4 individuals arrested on charges of providing support to ISIS in December

New York City Police Department officers and other first responders work the scene after an attempted terror attack in a passageway linking the Port Authority Bus Terminal with the subway
New York City Police Department officers and other first responders work the scene after an attempted terror attack in a passageway linking the Port Authority Bus Terminal with the subway / Getty Images
January 9, 2018

Cases of homegrown terrorism in the United States spiked in December, marking the first rise in such incidents over a two-month span, according to a new House Homeland Security Committee report.

U.S. authorities arrested four individuals last month on charges of providing material support to the Islamic States, bringing to 150 the total number of cases related to homegrown terrorism since 2013, the committee found in its monthly Terror Threat Snapshot, citing data from the Majority Staff of the Homeland Security Committee.

Rep. Michael McCaul (R., Texas), who chairs the Homeland Security Committee, said despite the collapse of ISIS's self-proclaimed "caliphate" in Iraq and Syria, the group maintains the capability to conduct external operations and remains a "severe threat" to the United States and its western allies.

"Given the loss of its safe havens, ISIS has shifted its attention toward cyberspace to recruit, radicalize, and provide guidance and instructions for carrying out attacks," McCaul said in a statement. "In this new year, we must continue to work with our allies across the globe to crush ISIS fighters wherever they may be and defeat ISIS in cyberspace."

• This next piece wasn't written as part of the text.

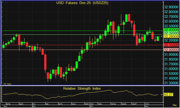 ราคา USDZ25 อาจยังเคลื่อนตัวในกรอบ 32.10-32.32 บาท จึงแนะนำรอเปิด Long จากแนวรับที่ระดับ 32.10 บาท และเปิด Short หากราคาขึ้นทดสอบแนวต้านที่ระดับ 32.32 บาท

December marked the first attempted suicide bombing in the United States inspired by ISIS, when a Bangladeshi national living in New York City detonated a pipe bomb at a bus terminal near Times Square, wounding four including himself. Akayed Ullah, 27, told investigators he carried out the Dec. 12 attack on behalf of ISIS to avenge the deaths of Muslims across the world.

One day earlier, a Texas resident was arrested in Houston for attempting to provide material support to ISIS. The FBI arrested Kaan Sercan Damlarkaya, 18, after he offered bomb-making instructions to an undercover federal agent who was posing as a member of ISIS.

Violent extremists hoping to attack the United States from within remain a top concern for the FBI in 2018.

FBI Director Christopher Wray has said homegrown extremists and lone wolf attackers who don't have direct ties to radical Islamist groups pose the greatest domestic terrorism threat to the United States. Wray reiterated to lawmakers in December that the bureau has roughly 1,000 pending domestic terrorism cases at any given time.